I was put onto this by an interesting post on IBIS, a structured decision and argument tool, by EightToLate

So, what does brother van Gelder tell us? After interviewing a number of military officers (and others), all trained in depth in decision methodology, he concluded that few ever used their training explicitly for decision making. (We have to be careful here since we know from proven research that intuition is a learned response from real experience; thus, we can't dismiss their training out of hand. See: Gladwell, or Kahneman, among others)
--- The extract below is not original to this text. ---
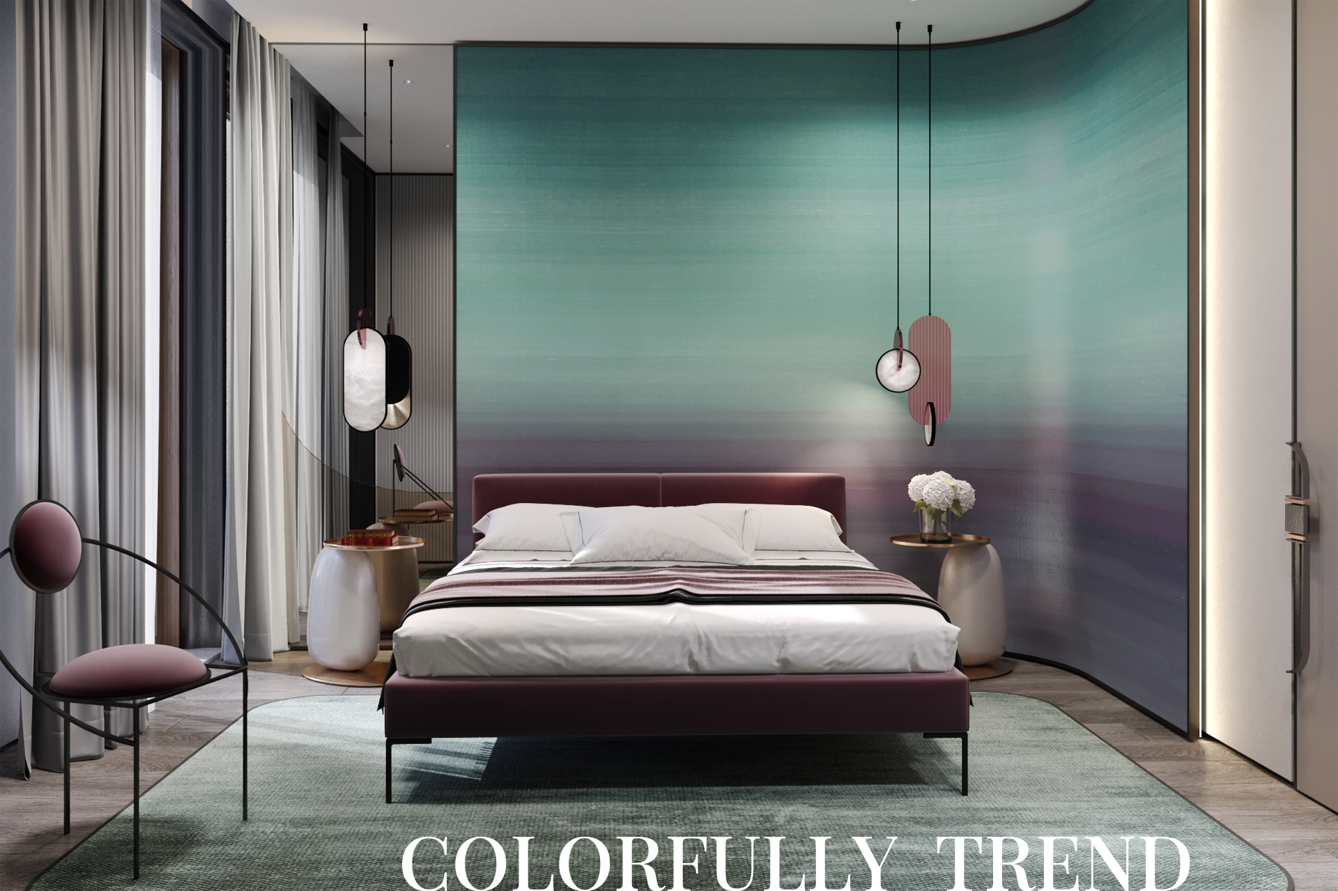 The complex combination of shades of lilac and emerald is another modern design trend, used in this interior. The mix of dusty pink color and the texture of brushed bronze creates a non-trivial image even in a small space of the guest bedroom.

He gives us this anecdote:
Some years ago I (Percy Diaconis) was trying to decide whether or not to move to Harvard from Stanford. I had bored my friends silly with endless discussion. Finally, one of them said, "You're one of our leading decision theorists. Maybe you should make a list of the costs and benefits and try to roughly calculate your expected utility." Without thinking, I blurted
out, "Come on, Sandy, this is serious."

Oh well!

van Gelder gives four reasons for such delinquency:
  • "First, there are the intrinsic biases and limitations built into each of our minds by virtue of the fact that our thinking equipment is the result of a long, haphazard and incomplete evolutionary process.
  • Second, there are the ill effects of the passions—temper, envy, pride, fear. Emotions are an unavoidable and often helpful aspect of human decision-making, but they can also be the enemy of wisdom.
  • Third, there are problems which arise due to the fact that important deliberative decisions are often made not by individuals but by small groups such as boards or committees.
  • Finally, compounding the above is the untutored manner in which people engage in deliberation. The regrettable fact is that few people have ever had any training in the art of deliberative decision-making."
Good grief! It's a wonder that anything gets decided on its merits!